Lee Feigenbaum wrote:
> These are responses to the substantive parts of Olivier's comments. Andy 
> or Eric, when you respond to the editorial matters, please include these 
> comments.

Will do.

> 
> (Andy, you might in particular want to take a look at the response to the 
> RDFTerm-equal function. While I know the group has discussed this in the 
> past, I can't find a specific URL to a discussion or decision that I could 
> refer to.) 

Thanks for pointing this out.

> 
> Lee
> 
> Olivier Corby wrote on 03/28/2007 10:51:19 AM:
> 
>> Hi,
>>
>> Here are some comments on current SPARQL WD.
> 
> ...
> 
>> 4.2.3 RDF Collections
...

>> 5.2.2 Scope of Filters
...

>> 9.3 DISTINCT
...

>> 11.4.10 RDFterm-equal
>>
>> RDFterm-equal produces a type error if the arguments are both literal 
> but
>> are not the same RDF term.
>>
>>
>> So, following the current draft :
>>
>> 'Jules'@en = 'Jim'@en
>>
>> produces a type error because they are not the same RDF term.
>>
>> It is the same with != < <= > >=
>> ]]
> 
> By design, SPARQL does not define semantics for comparing plain literals 
> with language tags, as you've noted. Note that query writers can compare 
> literals themselves:
> 
>   !langMatches(lang(?a), lang(?b)) || !(str(?a) = str(?b))

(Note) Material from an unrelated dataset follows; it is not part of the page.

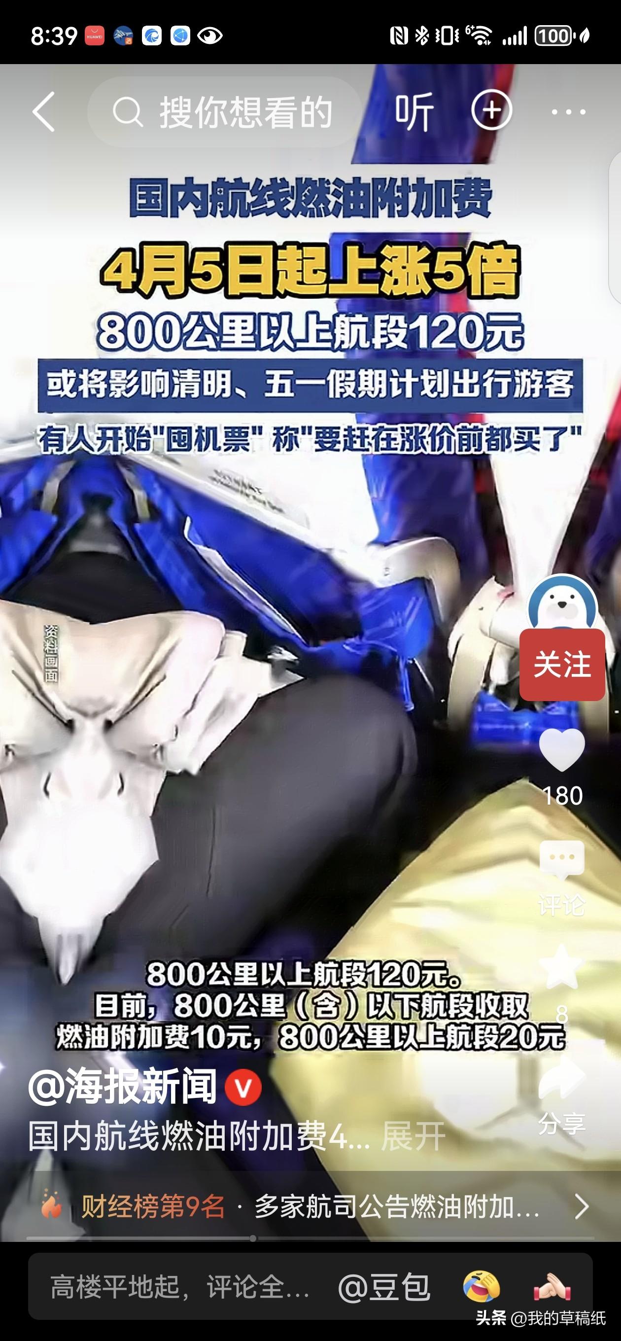 紧急提醒!4月5日起坐飞机多花上百,燃油费直接涨5倍! 刚官宣!4月5日起国内航线燃油附加费大幅上调,短途从10元飙到60元,长途从20元涨到120元,直接涨5倍,五一出行成本又要增加! 这次涨价以出票时间为准,4月5日前买好票不受影响。换算下来,短途往返多花100元,长途往返直接多花200元,一家三口出行光燃油费就要多掏大几百。 核心原因很简单:国际油价持续走高,航司燃油成本压力陡增,只能通过附加费传导。虽然票价没涨,但这笔固定支出实打实加重负担,对清明、五一出行的朋友太不友好。 提醒大家:刚需出行尽量提前锁票,避开涨价节点;能错峰就错峰,能高铁替代就选高铁。 你五一打算坐飞机还是高铁?评论区聊聊怎么出行更划算! 民航附加费上调

langMatches is asymmetric in its arguments:

langMatches("en-us", "en") is true

so the full equality test needs to be something like:

   langMatches(lang(?a), lang(?b)) &&
   langMatches(lang(?b), lang(?a)) &&
   (str(?a) = str(?b))

> 
> The Working Group has not been motivated in the past to define the 
> comparison operators on plain literals with language tags. Section 11.3.1 
> Operator Extensibility licenses SPARQL language extensions that add rows 
> to the operator table, such that implementations may support comparing 
> plain literals with language tags.
> 
> I hope that this addresses this concern; please let us know if not, and 
> the Working Group will weigh changes to the operator table versus the 
> schedule risks of publishing a new Last Call draft.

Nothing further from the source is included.